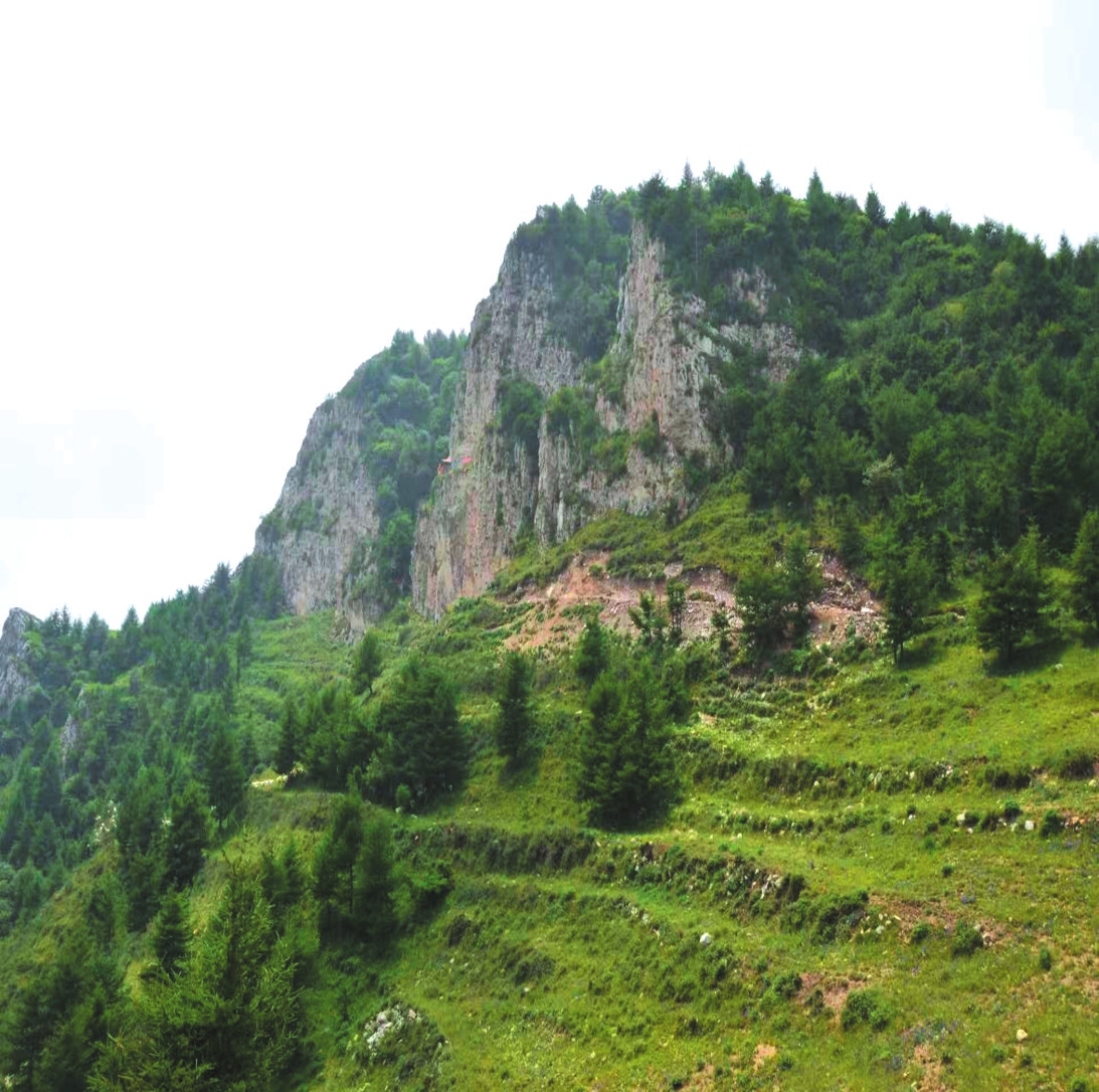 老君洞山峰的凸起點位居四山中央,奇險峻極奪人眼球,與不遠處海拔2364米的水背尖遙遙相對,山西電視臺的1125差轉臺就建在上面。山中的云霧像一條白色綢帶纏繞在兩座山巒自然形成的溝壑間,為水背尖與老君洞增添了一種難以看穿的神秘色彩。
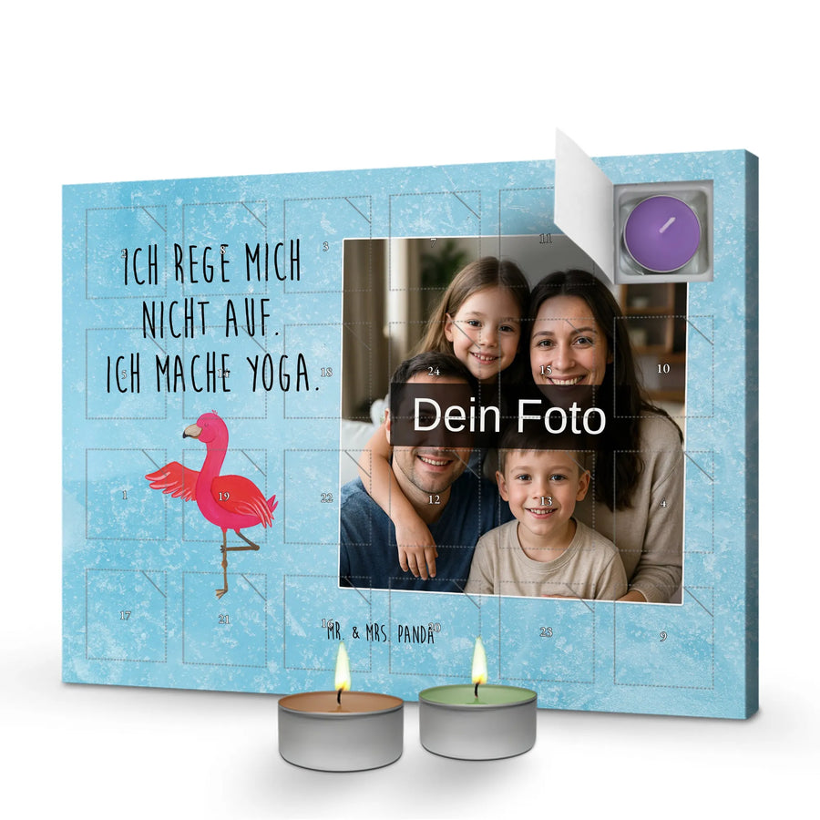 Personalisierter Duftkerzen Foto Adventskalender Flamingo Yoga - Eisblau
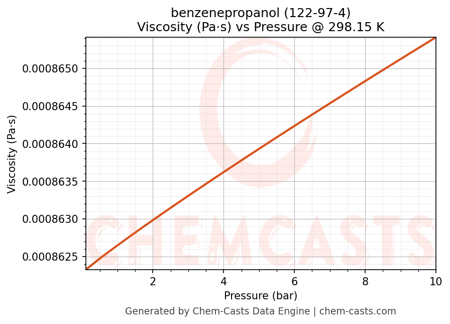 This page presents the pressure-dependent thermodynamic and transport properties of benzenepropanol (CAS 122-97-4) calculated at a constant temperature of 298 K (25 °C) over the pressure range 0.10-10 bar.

---

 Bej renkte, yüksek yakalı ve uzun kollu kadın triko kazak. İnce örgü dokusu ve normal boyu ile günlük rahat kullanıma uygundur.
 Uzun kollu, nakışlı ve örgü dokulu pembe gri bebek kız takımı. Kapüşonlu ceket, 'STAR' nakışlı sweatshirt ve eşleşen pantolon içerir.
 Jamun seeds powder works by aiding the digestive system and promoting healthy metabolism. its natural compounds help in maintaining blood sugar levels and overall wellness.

...

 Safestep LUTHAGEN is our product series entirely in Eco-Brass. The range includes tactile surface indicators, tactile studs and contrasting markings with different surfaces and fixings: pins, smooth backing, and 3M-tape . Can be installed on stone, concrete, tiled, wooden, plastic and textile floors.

**Work task:**
Copy out the lines of the records above in which the string "örgü" appears.

**Solution to this task:**
 Bej renkte, yüksek yakalı ve uzun kollu kadın triko kazak. İnce örgü dokusu ve normal boyu ile günlük rahat kullanıma uygundur.
 Uzun kollu, nakışlı ve örgü dokulu pembe gri bebek kız takımı. Kapüşonlu ceket, 'STAR' nakışlı sweatshirt ve eşleşen pantolon içerir.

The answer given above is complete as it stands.